------ Given data
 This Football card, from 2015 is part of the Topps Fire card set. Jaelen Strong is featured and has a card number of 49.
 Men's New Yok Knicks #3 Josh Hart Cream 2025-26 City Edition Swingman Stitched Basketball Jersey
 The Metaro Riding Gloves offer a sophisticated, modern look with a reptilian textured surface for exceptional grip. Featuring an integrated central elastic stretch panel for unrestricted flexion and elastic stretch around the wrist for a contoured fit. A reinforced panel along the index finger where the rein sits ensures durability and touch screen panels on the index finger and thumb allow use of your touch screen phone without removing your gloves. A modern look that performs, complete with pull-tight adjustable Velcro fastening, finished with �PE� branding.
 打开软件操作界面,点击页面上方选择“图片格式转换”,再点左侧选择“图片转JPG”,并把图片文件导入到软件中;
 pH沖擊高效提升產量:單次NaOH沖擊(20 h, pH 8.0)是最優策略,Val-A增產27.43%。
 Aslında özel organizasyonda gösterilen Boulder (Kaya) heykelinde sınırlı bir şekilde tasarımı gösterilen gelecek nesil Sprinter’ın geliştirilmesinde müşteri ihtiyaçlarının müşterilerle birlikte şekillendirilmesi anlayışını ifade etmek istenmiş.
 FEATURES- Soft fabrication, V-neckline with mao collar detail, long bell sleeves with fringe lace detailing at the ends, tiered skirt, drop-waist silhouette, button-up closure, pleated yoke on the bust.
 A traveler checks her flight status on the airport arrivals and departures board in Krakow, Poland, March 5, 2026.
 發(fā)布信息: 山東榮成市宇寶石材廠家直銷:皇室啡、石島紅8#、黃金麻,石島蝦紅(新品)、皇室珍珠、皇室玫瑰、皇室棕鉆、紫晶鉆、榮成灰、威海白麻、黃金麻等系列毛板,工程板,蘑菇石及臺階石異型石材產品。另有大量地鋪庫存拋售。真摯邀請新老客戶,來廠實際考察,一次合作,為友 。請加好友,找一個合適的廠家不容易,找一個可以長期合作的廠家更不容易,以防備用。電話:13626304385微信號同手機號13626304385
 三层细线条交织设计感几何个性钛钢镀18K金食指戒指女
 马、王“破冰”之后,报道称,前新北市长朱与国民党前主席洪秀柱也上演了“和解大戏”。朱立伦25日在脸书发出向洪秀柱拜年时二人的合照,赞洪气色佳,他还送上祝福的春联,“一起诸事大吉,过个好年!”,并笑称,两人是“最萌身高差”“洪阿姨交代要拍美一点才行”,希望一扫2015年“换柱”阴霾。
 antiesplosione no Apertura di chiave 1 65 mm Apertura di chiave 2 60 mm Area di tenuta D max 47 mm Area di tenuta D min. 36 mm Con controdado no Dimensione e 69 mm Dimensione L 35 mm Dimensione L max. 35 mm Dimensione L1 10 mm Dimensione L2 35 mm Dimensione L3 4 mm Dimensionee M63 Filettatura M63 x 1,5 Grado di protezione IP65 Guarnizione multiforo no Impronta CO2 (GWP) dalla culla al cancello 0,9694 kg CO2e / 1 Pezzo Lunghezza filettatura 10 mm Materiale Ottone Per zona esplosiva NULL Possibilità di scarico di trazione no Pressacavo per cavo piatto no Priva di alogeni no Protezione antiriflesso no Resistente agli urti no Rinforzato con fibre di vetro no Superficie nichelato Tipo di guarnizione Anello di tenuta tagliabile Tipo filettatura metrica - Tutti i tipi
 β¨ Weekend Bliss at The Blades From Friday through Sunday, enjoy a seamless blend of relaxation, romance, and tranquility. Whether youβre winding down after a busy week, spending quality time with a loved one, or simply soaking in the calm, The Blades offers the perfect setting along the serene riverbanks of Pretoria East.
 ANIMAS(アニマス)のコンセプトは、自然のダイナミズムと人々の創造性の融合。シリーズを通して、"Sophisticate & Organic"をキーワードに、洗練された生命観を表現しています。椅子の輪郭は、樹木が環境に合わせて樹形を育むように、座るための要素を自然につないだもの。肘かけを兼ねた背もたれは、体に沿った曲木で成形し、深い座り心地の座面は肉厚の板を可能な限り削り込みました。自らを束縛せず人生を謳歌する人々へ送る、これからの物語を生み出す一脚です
------------
Goal of the exercise: Looking at the entries, work out how many lines hold the word "with". Give the number and nothing else.

The completed task: 3